===== Raw data

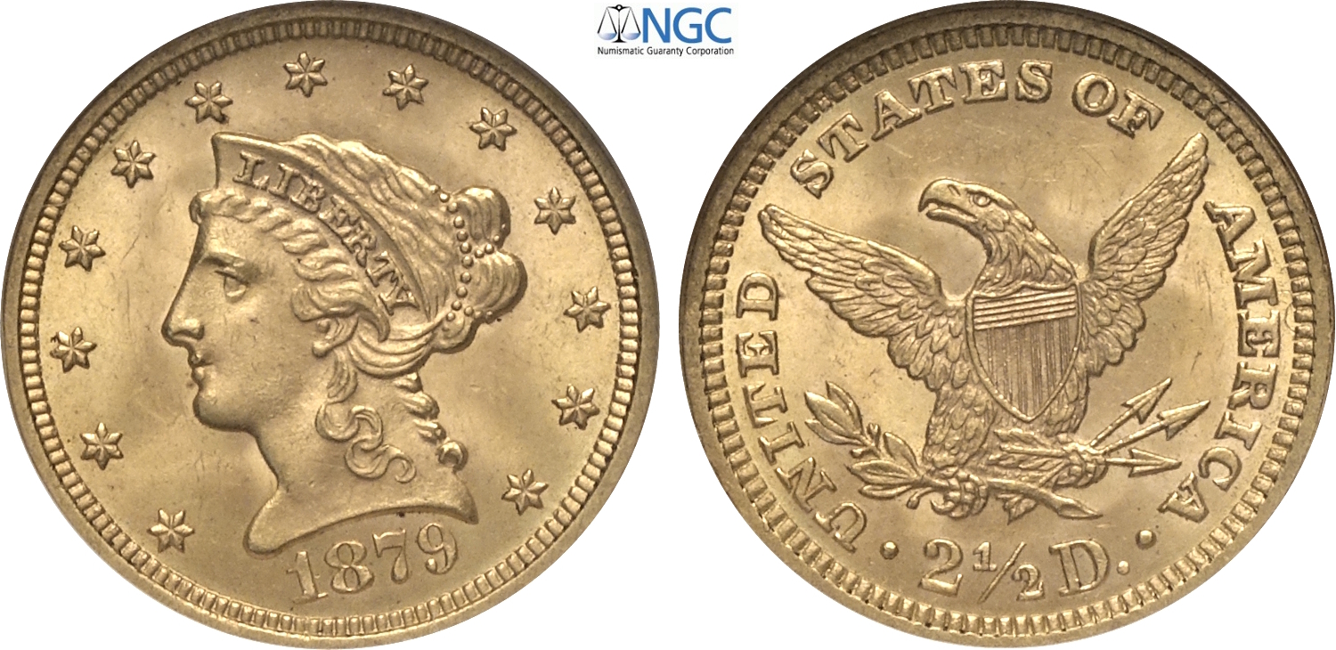 United States of America, Federal Republic (1776-), Coronet Head quarter eagles, 2,5 Dollars 1879, Philadelphia mint, Au 18 mm, 4,18 g, in Slab NGC MS65 (only 8 coins are graded higher)
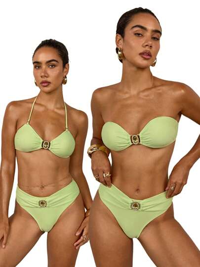 SHEIN Swim Women's Luxury Sexy Diamond Decor Bandeau Bikini Set For Summer Beach Vacation - Green - View 1
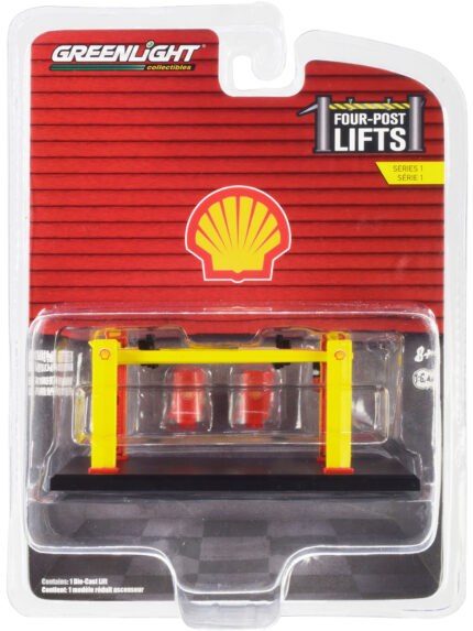 Brand : Accessoires diorama Description : 1/64 Shell Oil *Four-Post Lift Series 1* Auto Body Shop, yellow/red Manufacturer : GreenLight
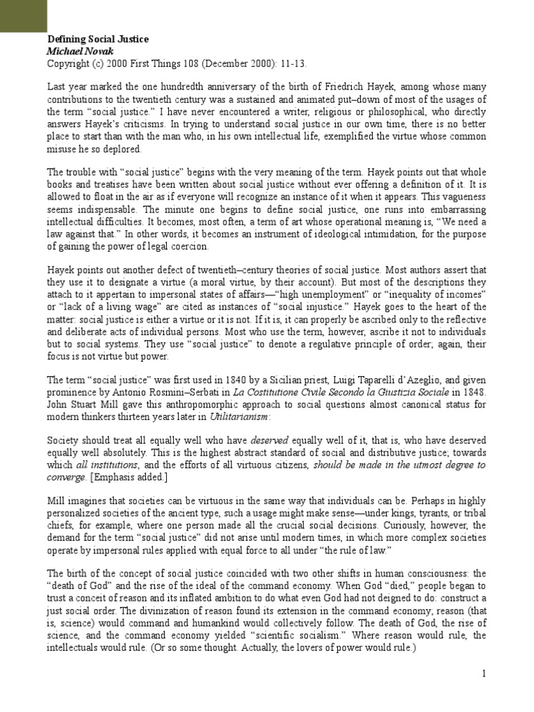 Defining Social Justice Michael Novak Copyright (c) 2000 First Things 108 (December 2000): 11-13.

==========

Nothing but an exact copy of the data, without pictures, should be returned.

 United States of America, Federal Republic (1776-), Coronet Head quarter eagles, 2,5 Dollars 1879, Philadelphia mint, Au 18 mm, 4,18 g, in Slab NGC MS65 (only 8 coins are graded higher)
 SHEIN Swim Women's Luxury Sexy Diamond Decor Bandeau Bikini Set For Summer Beach Vacation - Green - View 1
 Brand : Accessoires diorama Description : 1/64 Shell Oil *Four-Post Lift Series 1* Auto Body Shop, yellow/red Manufacturer : GreenLight
 Defining Social Justice Michael Novak Copyright (c) 2000 First Things 108 (December 2000): 11-13.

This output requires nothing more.